M. Trieste’s parting words screamed through his brain:
There is no doll!

“See?” Franklin said in a slurred voice. “You said I had to suffer.”

Milo wanted to be sick. “Christ! What have you done?”

“I decided to suffer. But I didn’t think I should suffer alone. So I brought you along for company. Sure took you long enough to figure it out.”

Milo bent and picked up the pistol. His left hand wavered and trembled as he pointed it at Franklin. “You . . . you. . . .” He couldn’t think of anything to say.

Franklin casually tossed the wine bottle out onto the floor where it shattered and added to the spikes of glass. Then he pulled open the pajama top. “Right here, Milo, old buddy!” he said, pointing to his heart. “Do you really think you want to put a slug into me?”

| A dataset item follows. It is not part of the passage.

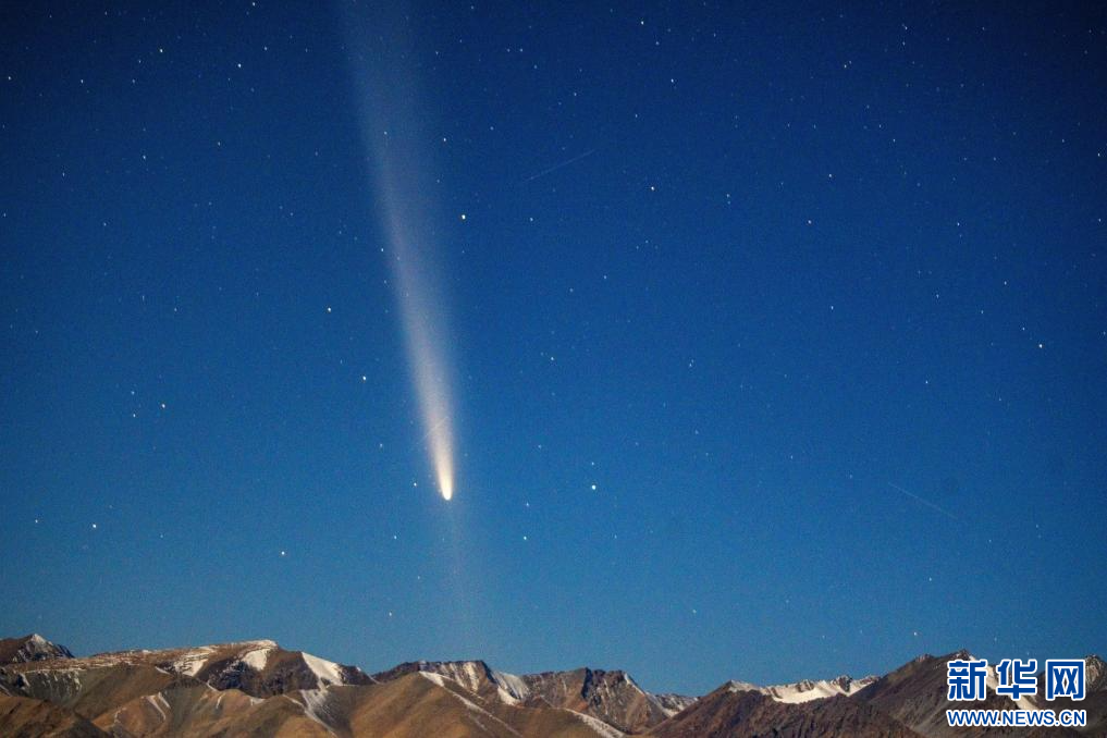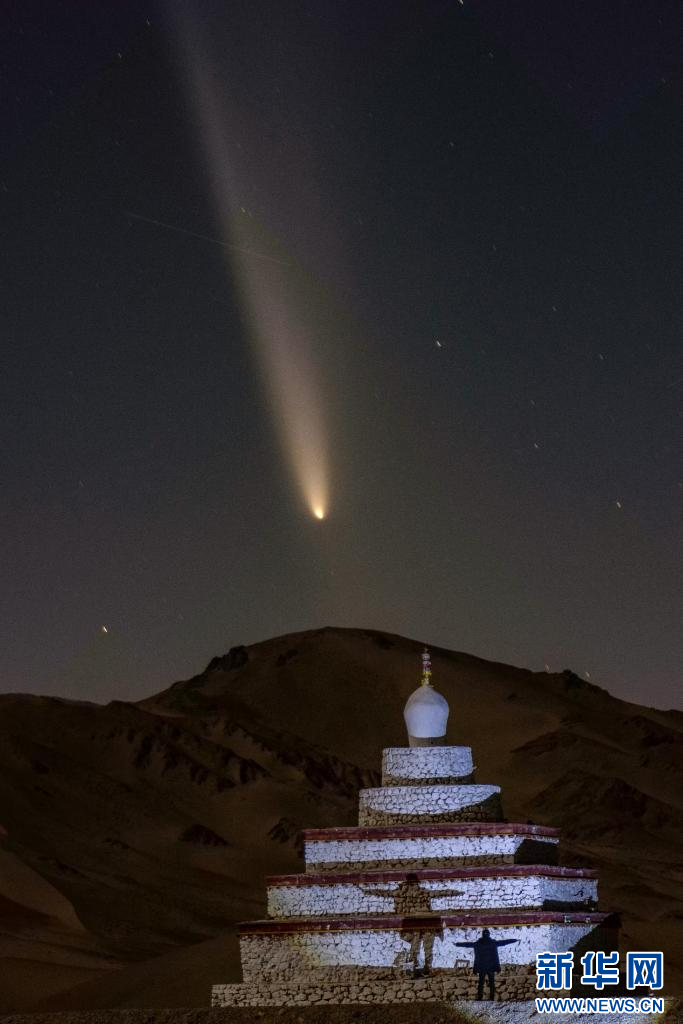 10月13日,拍攝于珠峰加烏拉山埡口的彗星。新華網(wǎng)發(fā) 李明發(fā) 攝

Milo thought about that. It might be like putting a bullet into his own heart. He felt his arm drop. “Why . . . how . . . I don’t deserve. . . .”

Franklin closed his eye and grimaced. He looked as if he were about to cry. “I know,” he said. “It’s gone too far. Maybe you really don’t deserve all this. I’ve always known I was a little bit crazy, but maybe I’m a lot crazier than I ever thought I was.”